Task prompt: With the images removed, repeat the data below exactly.

Data excerpt:
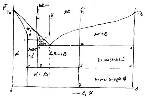 Структура сплава в интервале 4 – 5: β + эвт-ка (β + Аn Вm ) + Аn ВmII .
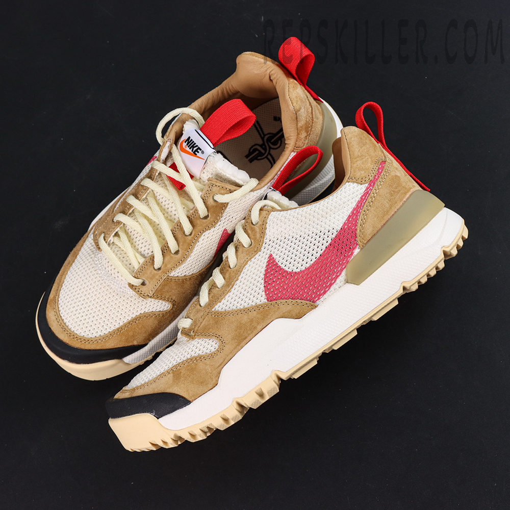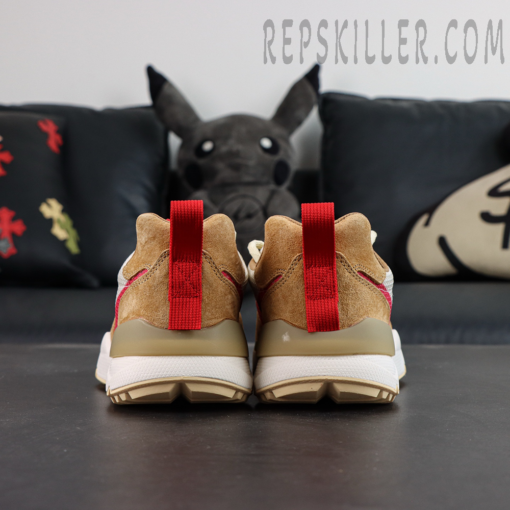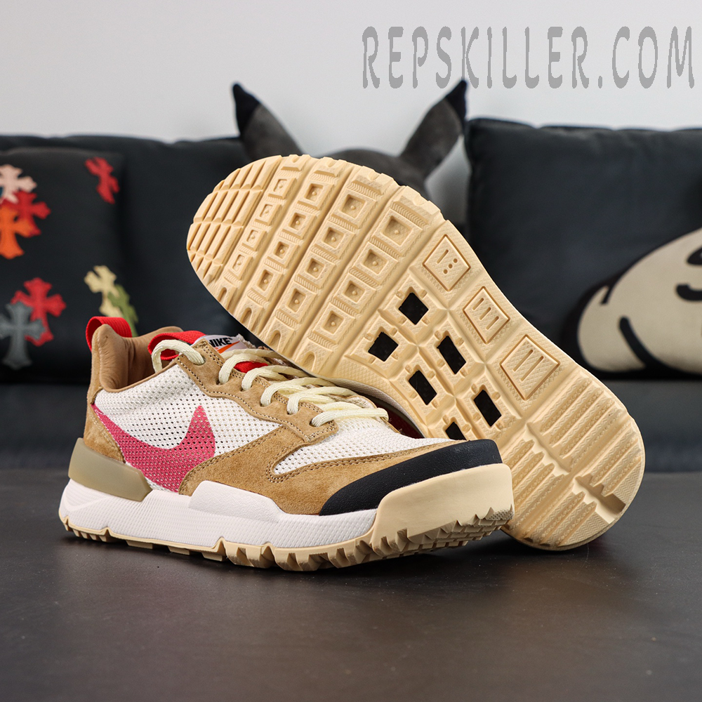 The upper is constructed from breathable off-white mesh, reinforced with beige suede overlays for structure and abrasion resistance. A printed red Swoosh delivers a bold visual contrast, while the updated lacing system provides a secure and adjustable fit. A black TPU toe cap enhances durability in high-wear areas, reinforcing the shoe’s utilitarian design language. Crimson pull tabs on the tongue and heel allow for easy on and off.
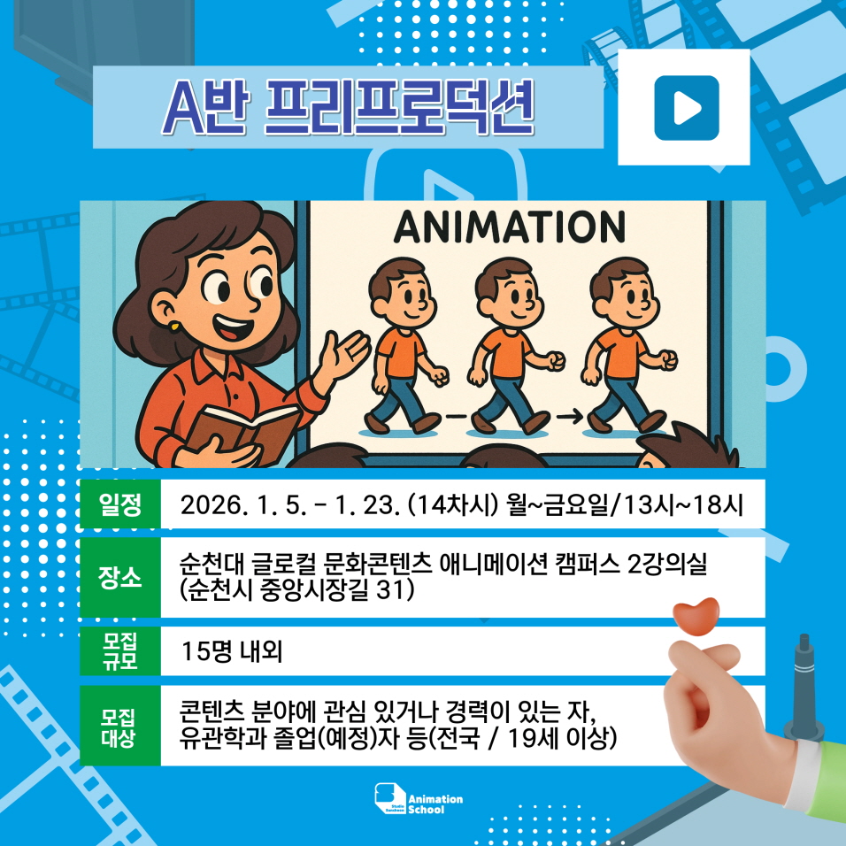 스튜디오 순천 애니스쿨에서 1기 교육생을 모집합니다!

Exercise solution:
 Структура сплава в интервале 4 – 5: β + эвт-ка (β + Аn Вm ) + Аn ВmII .
 The upper is constructed from breathable off-white mesh, reinforced with beige suede overlays for structure and abrasion resistance. A printed red Swoosh delivers a bold visual contrast, while the updated lacing system provides a secure and adjustable fit. A black TPU toe cap enhances durability in high-wear areas, reinforcing the shoe’s utilitarian design language. Crimson pull tabs on the tongue and heel allow for easy on and off.
 스튜디오 순천 애니스쿨에서 1기 교육생을 모집합니다!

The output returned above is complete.